**What this task involves**
All lines from the one containing "rhodiniertem 925er Sterling-Silber." through the end of the material are to be given back exactly, without pictures.

**Data shown**
----

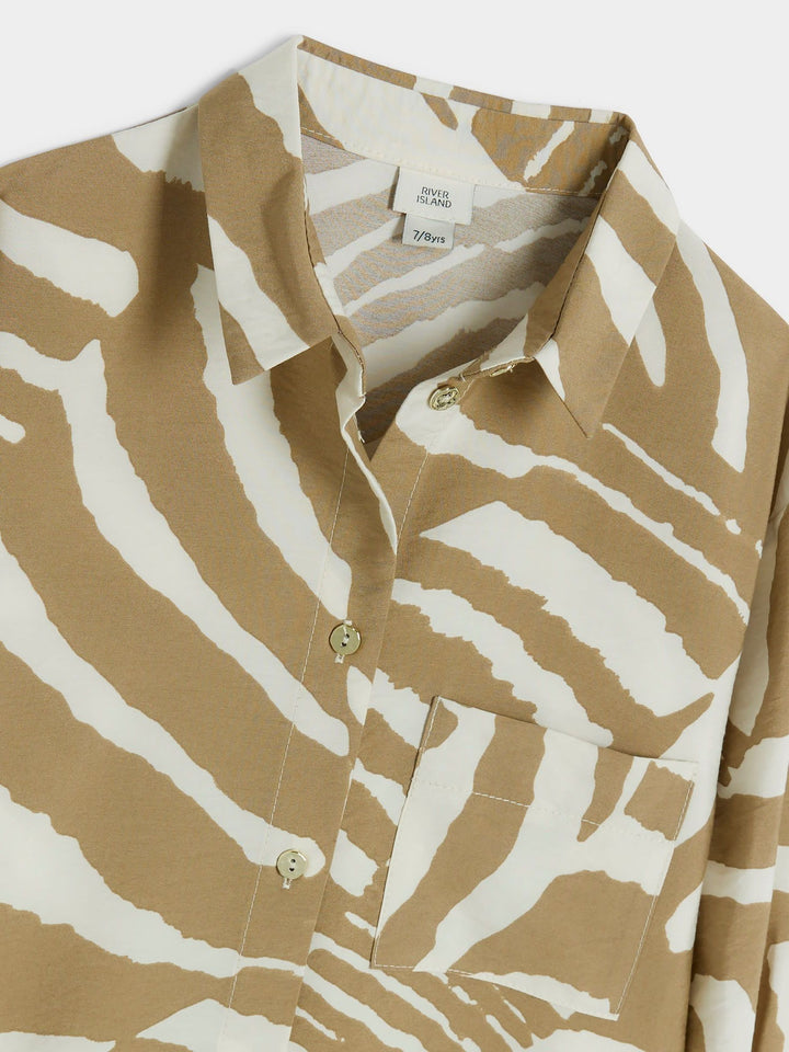 River Island Beige Girls Cropped Zebra Print 100% Cotton Shirt
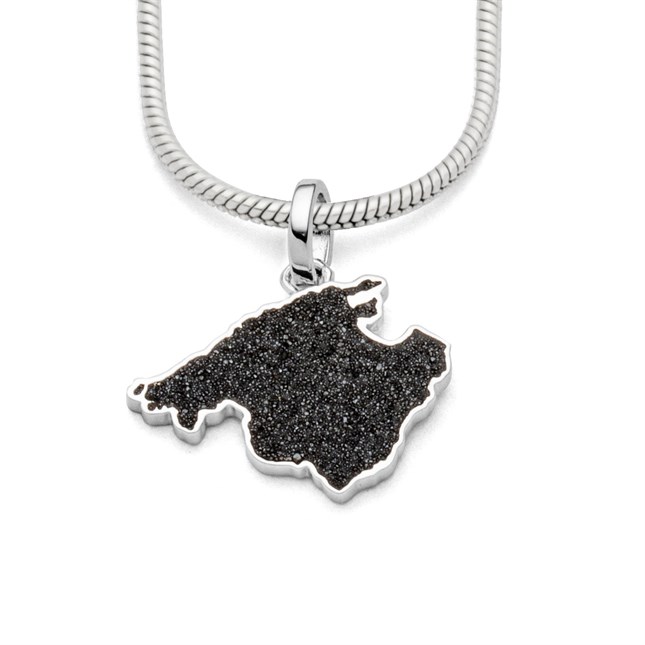 Anhänger "Mallorca" als Inselsilhouette, gefüllt mit Lavasand und gefasst in rhodiniertem 925er Sterling-Silber.
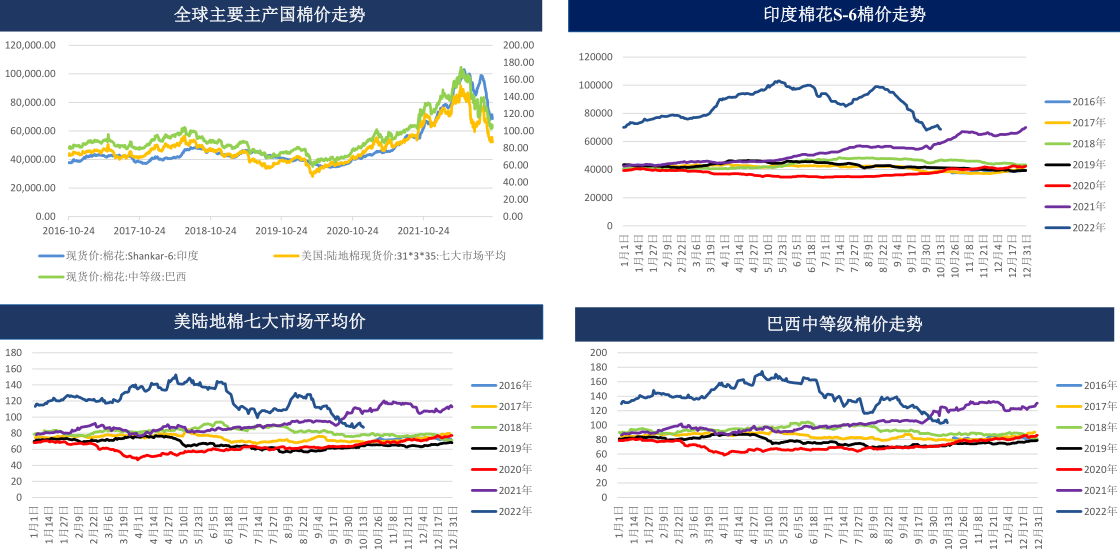 期末庫存大幅上調68萬噸至1913萬噸,主要增量來自于印度27萬噸,中國23萬噸,強化了新年度棉花供應趨于寬松化的預期。

----

**Task solution**
 Anhänger "Mallorca" als Inselsilhouette, gefüllt mit Lavasand und gefasst in rhodiniertem 925er Sterling-Silber.
 期末庫存大幅上調68萬噸至1913萬噸,主要增量來自于印度27萬噸,中國23萬噸,強化了新年度棉花供應趨于寬松化的預期。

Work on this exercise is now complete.